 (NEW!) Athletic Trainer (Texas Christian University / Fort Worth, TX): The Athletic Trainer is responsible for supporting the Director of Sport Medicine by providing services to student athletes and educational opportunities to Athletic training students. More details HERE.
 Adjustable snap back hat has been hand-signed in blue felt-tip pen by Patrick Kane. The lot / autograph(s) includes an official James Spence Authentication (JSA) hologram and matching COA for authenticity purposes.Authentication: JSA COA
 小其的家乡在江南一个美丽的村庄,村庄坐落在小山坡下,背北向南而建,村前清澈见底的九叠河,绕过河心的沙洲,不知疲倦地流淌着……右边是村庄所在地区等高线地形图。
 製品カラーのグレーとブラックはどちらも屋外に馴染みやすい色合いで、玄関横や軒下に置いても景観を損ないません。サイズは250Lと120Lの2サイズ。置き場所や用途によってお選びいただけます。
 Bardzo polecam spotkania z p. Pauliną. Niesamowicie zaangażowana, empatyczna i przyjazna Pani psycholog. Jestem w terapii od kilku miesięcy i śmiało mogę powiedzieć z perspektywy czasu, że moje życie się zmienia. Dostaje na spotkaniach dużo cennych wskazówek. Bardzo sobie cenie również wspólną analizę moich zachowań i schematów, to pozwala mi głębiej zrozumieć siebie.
* * *
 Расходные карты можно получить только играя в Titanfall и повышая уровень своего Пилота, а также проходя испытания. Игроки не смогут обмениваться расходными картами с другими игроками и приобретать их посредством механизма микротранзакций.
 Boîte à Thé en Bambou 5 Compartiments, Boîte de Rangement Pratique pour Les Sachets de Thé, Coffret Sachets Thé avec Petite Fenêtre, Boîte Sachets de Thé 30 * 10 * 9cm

# About this exercise
Take from the material above the lines running from the one with "Adjustable snap back" through the one with "Bardzo polecam spotkania", and repeat them exactly, with nothing else.

# Solved exercise
 Adjustable snap back hat has been hand-signed in blue felt-tip pen by Patrick Kane. The lot / autograph(s) includes an official James Spence Authentication (JSA) hologram and matching COA for authenticity purposes.Authentication: JSA COA
 小其的家乡在江南一个美丽的村庄,村庄坐落在小山坡下,背北向南而建,村前清澈见底的九叠河,绕过河心的沙洲,不知疲倦地流淌着……右边是村庄所在地区等高线地形图。
 製品カラーのグレーとブラックはどちらも屋外に馴染みやすい色合いで、玄関横や軒下に置いても景観を損ないません。サイズは250Lと120Lの2サイズ。置き場所や用途によってお選びいただけます。
 Bardzo polecam spotkania z p. Pauliną. Niesamowicie zaangażowana, empatyczna i przyjazna Pani psycholog. Jestem w terapii od kilku miesięcy i śmiało mogę powiedzieć z perspektywy czasu, że moje życie się zmienia. Dostaje na spotkaniach dużo cennych wskazówek. Bardzo sobie cenie również wspólną analizę moich zachowań i schematów, to pozwala mi głębiej zrozumieć siebie.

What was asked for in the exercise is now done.